__Required work__:
No pictures belong in the copy, but every line of the material below must be reproduced exactly.

__Raw data__:
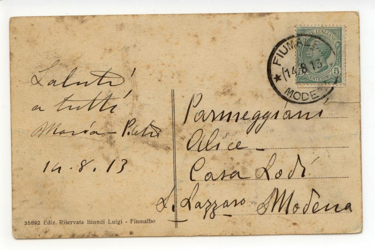 Cartolina originale, Appennino Modenese Fiumalbo -Via Giardini Ediz. Riservata Biondi Luigi, Fiumalbo, 1913; cartolina originale ill. in b/n. Viaggiata. Figurata. Cm 14x9. Condizioni di conservazione Cartolina ben conservata. Aloni di gora al fronte e bruniture sparse al retro. Condizioni modeste ma collezionabile (vedi foto). CART.3222G
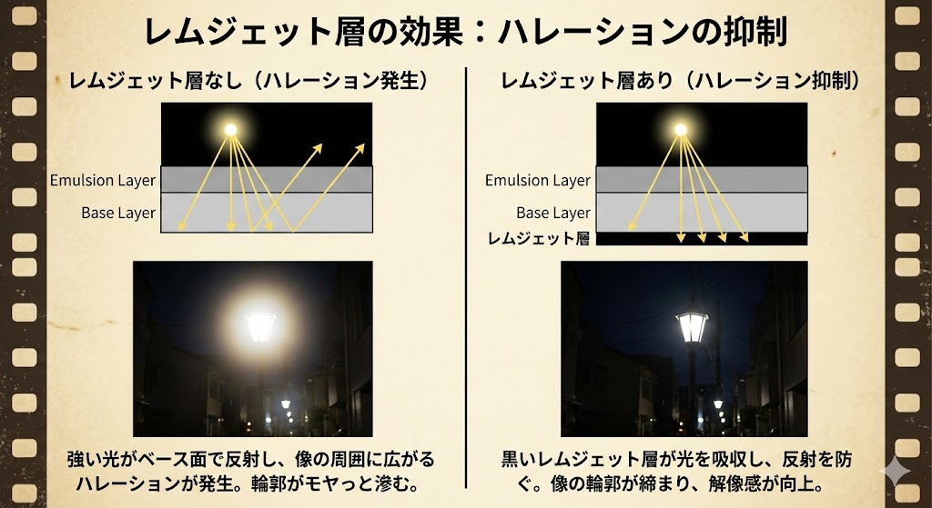 映画用のカラーネガでよく出てくるのが「レムジェット」です。これはフィルムの背面にある黒い層で、強い光がベース裏で反射して像がにじむハレーションを抑えたり、帯電防止として静電気由来のスタティックマークを減らしたり、搬送性を良くしたりします。
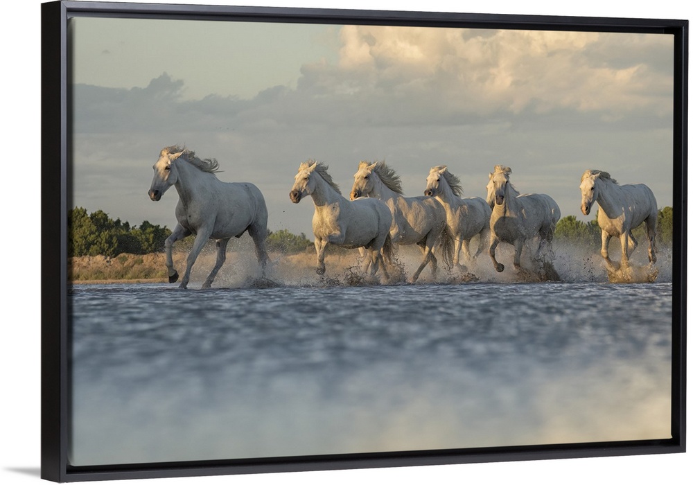 <p>Camargue horses running through the water in the south of France. A fine example of the power in these amazing animals; Saintes-Maries-de-la-Mer, France</p>

__Your response__:
 Cartolina originale, Appennino Modenese Fiumalbo -Via Giardini Ediz. Riservata Biondi Luigi, Fiumalbo, 1913; cartolina originale ill. in b/n. Viaggiata. Figurata. Cm 14x9. Condizioni di conservazione Cartolina ben conservata. Aloni di gora al fronte e bruniture sparse al retro. Condizioni modeste ma collezionabile (vedi foto). CART.3222G
 映画用のカラーネガでよく出てくるのが「レムジェット」です。これはフィルムの背面にある黒い層で、強い光がベース裏で反射して像がにじむハレーションを抑えたり、帯電防止として静電気由来のスタティックマークを減らしたり、搬送性を良くしたりします。
 <p>Camargue horses running through the water in the south of France. A fine example of the power in these amazing animals; Saintes-Maries-de-la-Mer, France</p>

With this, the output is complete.